Python is a programming language that is used across a broad range sectors including academic, government, and private. 

The first program any _good_ programmer will write is the "Hello World". To execute the cell just hit "Shift + Enter"

In [None]:
print("Hello World")

Great! You just ran your first snippet of code.
![proud](https://media.giphy.com/media/fdyZ3qI0GVZC0/giphy.gif)

Now lets move on to some basics. First lets declare a variable. Lets call that variable "my_variable" and set it equal to 100. 

In [None]:
my_variable = 100

We now have a variable in our current environment that is set to the value we gave it. To see what that value is we just need to print that variabel.

In [None]:
print(my_variable)

## Exercise  
Do it yourself!!

We have now learned how to declare a variable. All of the cells we have ran so far take very little computational power.  Soon we will be working with large data and execution of commands will take much longer. Lets artificially simulate some of the time. 

In [None]:
import time
time.sleep(5)

Notice the star which resides inside the brackets to the left of the cell? It lasted for 5 seconds because we told the cell
to sleep for 5 seconds. 

In order to do this we performed an import(ant) python job.  "import" is used to call upon modules that exist that all perform unique functions.  In this case we imported the "time" package. time has a function sleep, which does just what it says, it makes the execution go to sleep for a prescribed time.  Go ahead and change the 5 to another number and you can see that it will sleep for however long you tell it!

Now that we have a basic grasp on packages and variables, lets try a function. A function is a piece of code which performs a, you guessed it, function. These are sort of the bread and butter of programming so you will become more familiar as we progress. For now lets start with something simple. 

In [None]:
def my_age(age):
    
    return "I really can't believe you are only {}, you look much older! jkjk".format(age)

In [None]:
my_age(49)

Lets break the function down into it's constituent parts.
* def - this is the command we use in python to initiate a function. 
* my_age() - this is just the name we have given to our function. Functions must have a () immediately following the name.
* age - again this is just a placeholder variable. We could name it something different and as long as we change it to reflect that in the next line, it would run the exact same. Just try it!
* return - this is an important aspect of functions.  This is the command which tells the function what it is we expect in "return" after the function is run. 

Pretty easy right! You are well on your way to being a coder and reading all the extra stuff in the matrix!

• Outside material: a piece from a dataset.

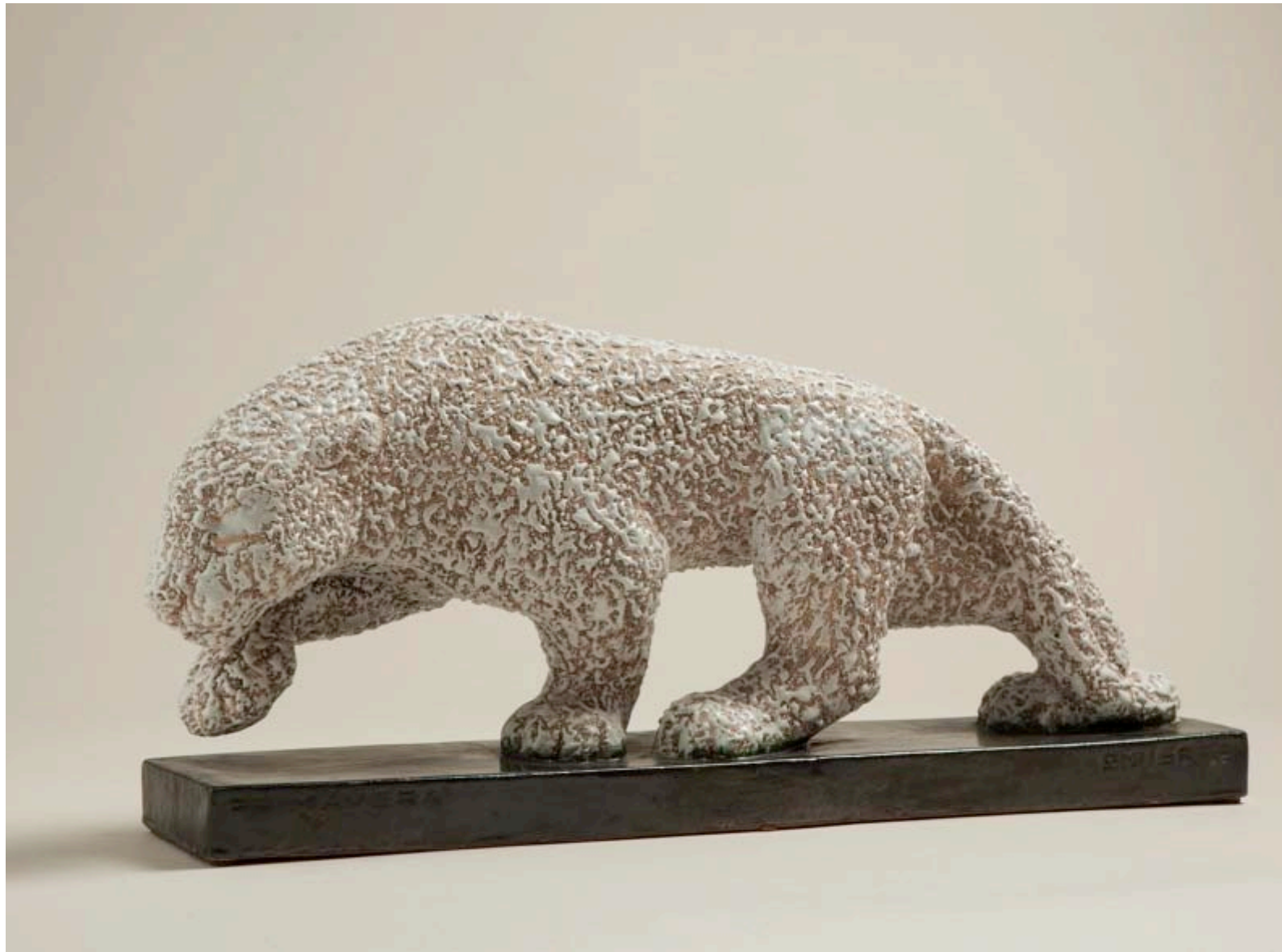
Panther , enameled earthenware c. 1930, Manufacture CAB, Primavera h 13 \frac{3}{4} in / l 28 \frac{3}{4} in / d 6 in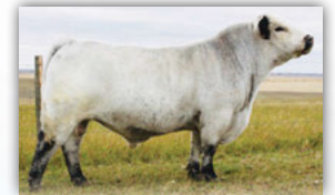
D.A.M. Dots 94A Electric 31E - Sire

Ok lets venture into what is often the toughest thing to grasp formany, the directory :(

In [None]:
import os

In [None]:
os.getcwd()

As you may have guessed "os" stands for operating system.  This package gives us a variety of functions to interact directly with our computer. 

When you want to access the functions within a package it is oftentimes by using a "." that you can do so. Here we call os.getcwd() to get access to the _current working directory_. 

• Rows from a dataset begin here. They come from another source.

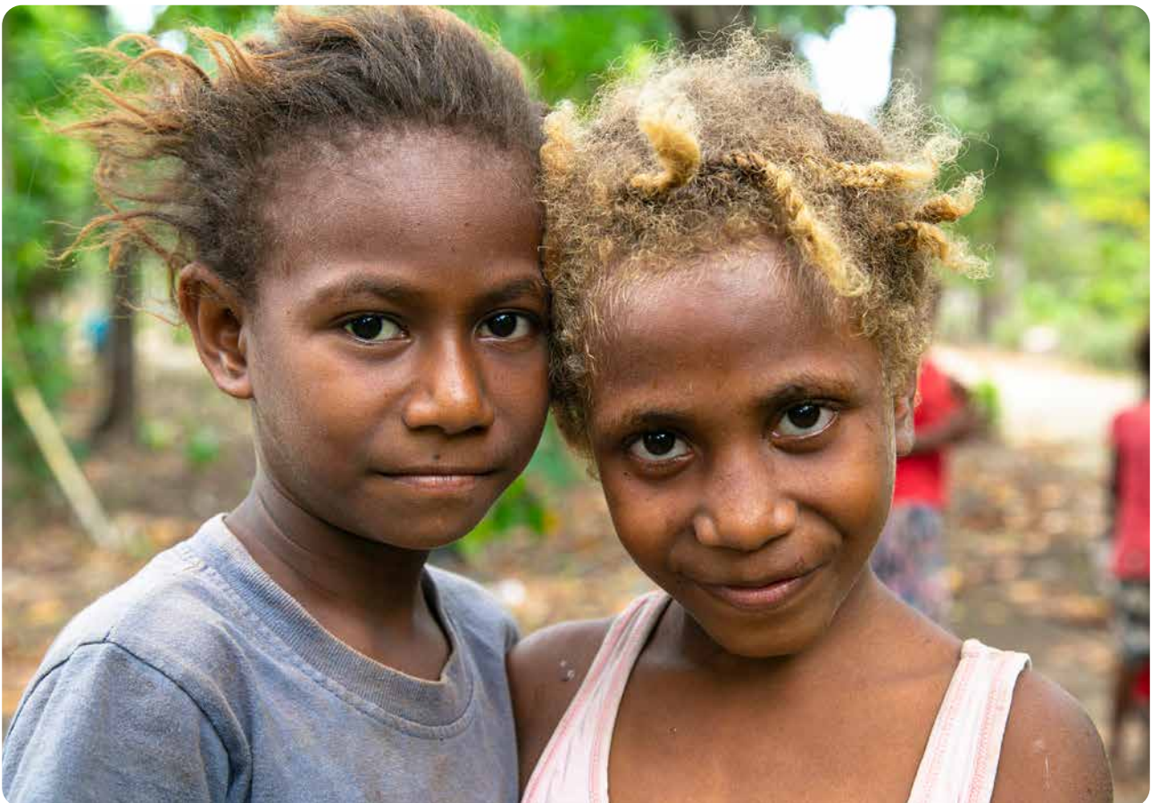
Local girls on Rah Island in Vanuatu.

Increased leadership and participation of diverse women (including young women, women with disabilities, and those who are marginalized) in disaster contexts is ensuring gender-equitable and accessible response and recovery resources. For example, the Shifting the Power Coalition programme has a greater focus on promoting diverse women's leadership at different levels to genuinely integrate women's voice at different levels. While the examples provided above are encouraging and demonstrate progress, perceptions of gender in the Pacific are primarily binary, with greater progress needed to extend inclusion to gender and sexual minorities (see more on emerging gaps later in this report).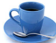
Your father- coffee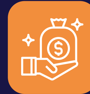
Paid Time Off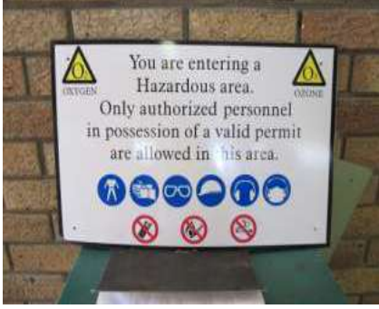
Example of good signage on site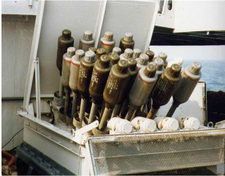
Above: The Mk 11 launcher with 24 “Hedgehogs” also called 7.2-inch Projector Charges on a Predator-class corvette of the Dutch Navy. Fuze caps are installed. Hedgehogs only detonated when the fuse made contact with the submarine.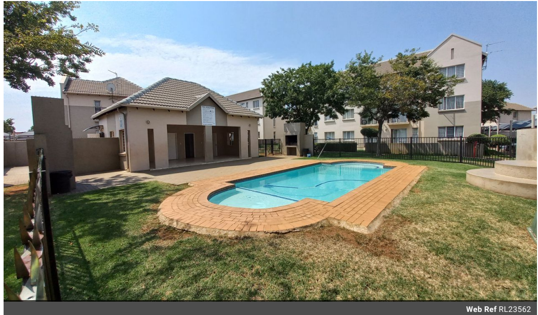
Web Ref RL23562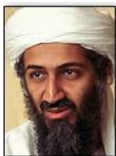
Exiled Saudi dissident Osama bin Laden is seen in this April, 1998 photo in Afghanistan.

In fact, while he returned to his family's construction business, bin Laden had split from the relatively conventional MAK in 1988 and established a new group, al-Qaida, that included many of the more extreme MAK members he had met in Afghanistan.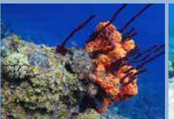
Orange Elephant Ear Sponge & Erect Rope Sponge. M, 1, Co, Rf.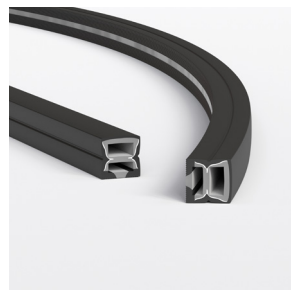
Model: VBD-N1010-SF-B SKU: 666561432621

COMPATIBLE SILICONE NEON CHANNELS (Sold Separately)

If you want to change it you can use the function os.chdir(). Lets change it to the data folder (this is just the folder inside what your working should be.) 

In [None]:
os.chdir('data')

This will be different for everyone working on their own computers. If we can get familiar with 
* Knowing what directory(folder) we are working in and,
* Knowing how to change that directory to what we want
This will alleviate a majority of _bugs_ you might face.

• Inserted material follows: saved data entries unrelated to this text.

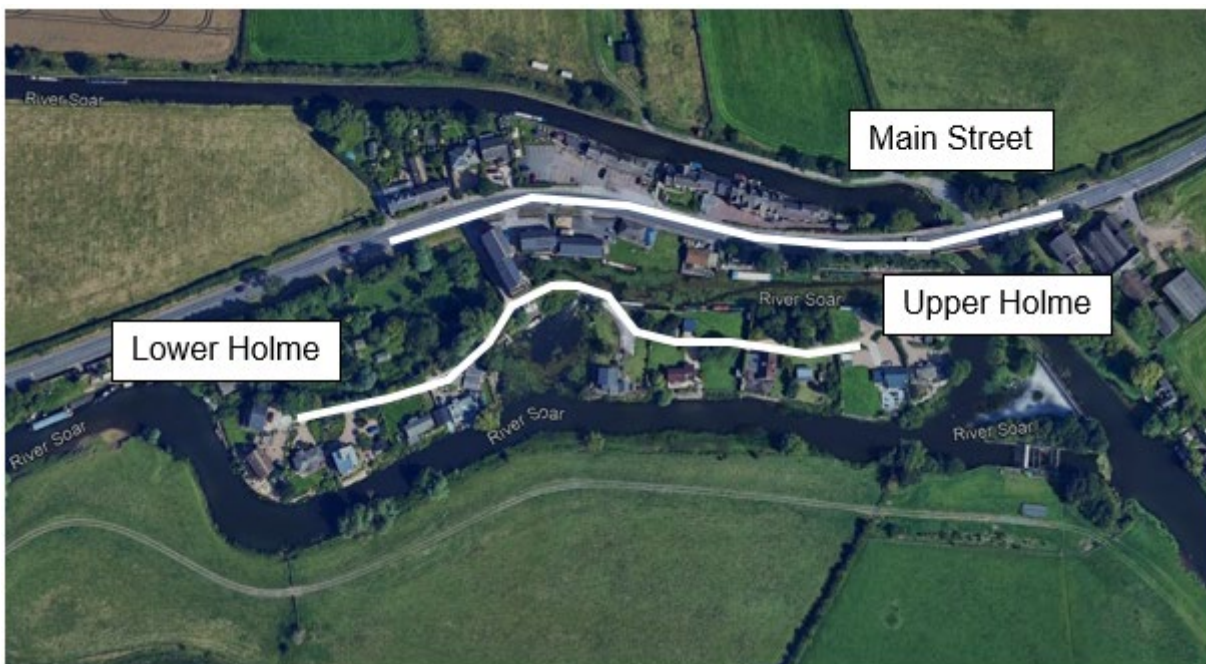
Figure 2. Reference map for flood affected areas across Zouch. Main Street (9), Lower Holme (11), Upper Holme (4).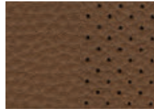
Natura Plus leather with perforated inserts — Tan with Tan embroidered Summit logo and Black accent stitching and piping Standard on Summit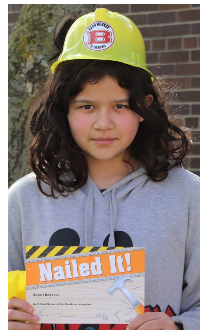
5<sup>th</sup> grade is very excited to announce that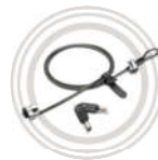
Kensington® Twin Head Cable Lock from Lenovo™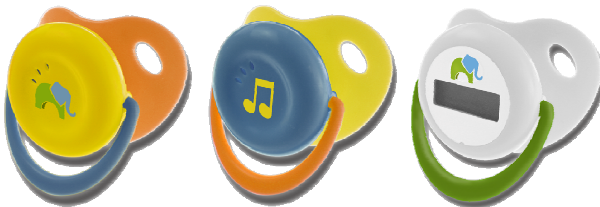
BP303 (Standard) / BP401 (Melody) / MP202 (Thermometer)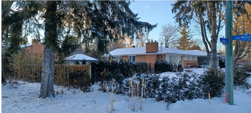
South East elevation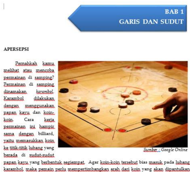
Figure 1. The "Apperception" section of the SMART Book

This research is an experimental SMART Book textbook that has been developed previously. What distinguishes this book from mathematics or other geometry books? First, the SMART Book gives a very easy apperception to readers in everyday life and is assisted with relevant images at the beginning of each chapter (Figure 1).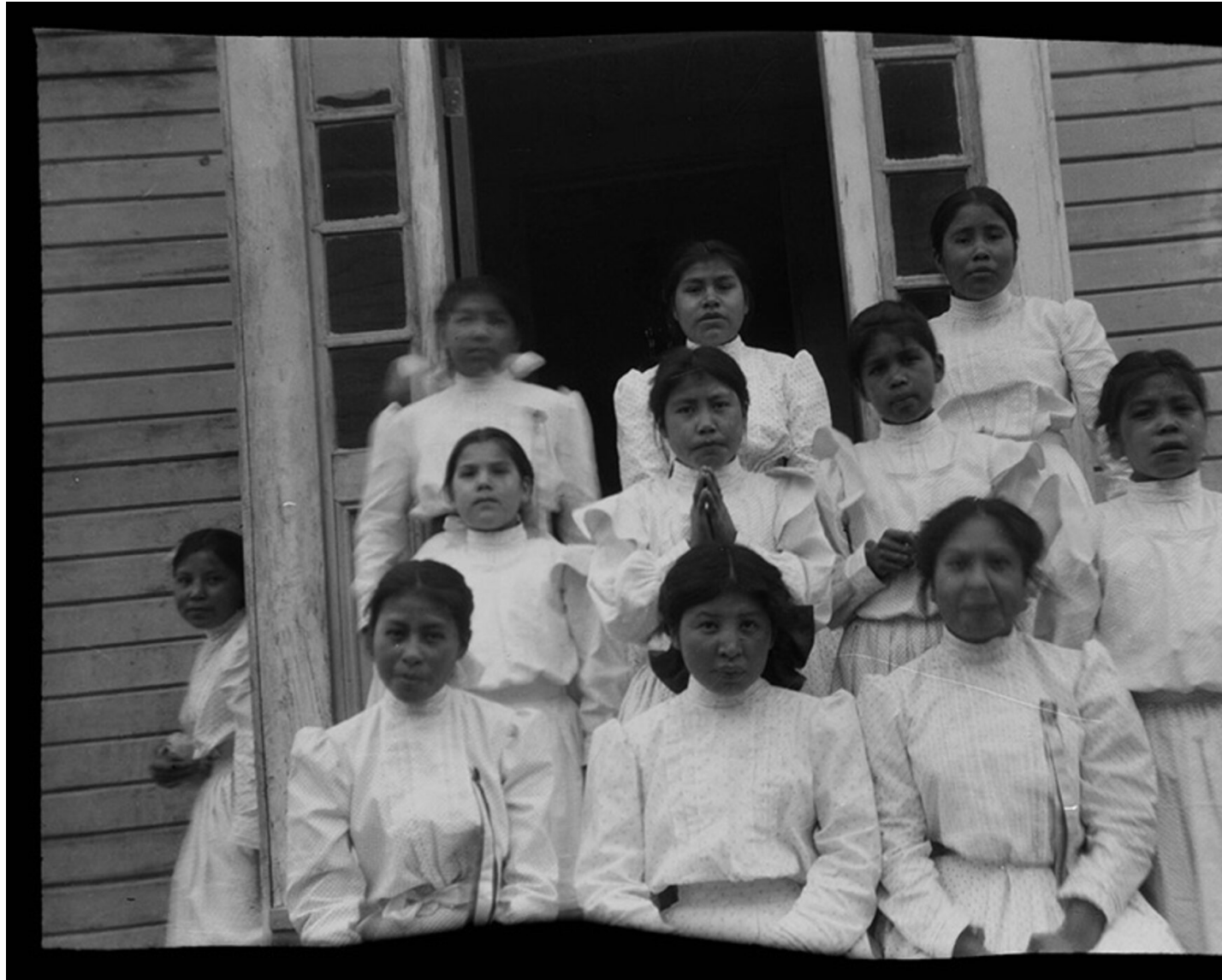
Girls at Kamloops Indian Residential

Lets go ahead and import another package and then load in our first data!

In [None]:
import pandas as pd

df = pd.read_csv('us_leader_lta.csv')

Alright review of what we just did
* pandas as pd - we are importing the package pandas and just naming it pd.  This is a convenience thing.  More on pandas later as its very important. 
* df - the single most stereotypical name for a _dataframe_ in history.  When you code, be more creative ;)
* pd.read_csv - This is the pandas (pd) function for reading a csv file.  Pretty self explanatory. 
* Be sure to put file names in ''.

So we got our first data loaded in. Lets check out whats inside.

In [None]:
df.head()

In [None]:
df.describe()

In [None]:
df.columns

Alright so we loaded up data on US Presidents Psychology.  Cool right?! Function review:
* .head() - This shows us the first 5 rows. If we put inside .head(10), it would show us the first ten rows. O and if you want to see the last rows that would be .tail().
* .describe() - Just some basic descriptives. 
* .columns - names of your columns.

Here we have a basic data frame (just like an excel).  Except now we have all the tools of python to investigate, manipulate, and visualize it. 

In [None]:
df.dtypes

It is always good to get a feel for what the data you are working with looks like.  One important technique for telling what kind of data you have is to use .dtypes

This shows you what type of data is each variable.
* Object - These are string data like names.
* int64 - These are whole numbers like 10, 20, 1000.
* float64 - These are numbers with decimals like 0.54, 9.44, 1000.2002

Now that we have taken a peak at our data lets begin to think like a computational social scientist. 
What sorts of relationships do we think exist? 
What patterns do we expect to see in the data?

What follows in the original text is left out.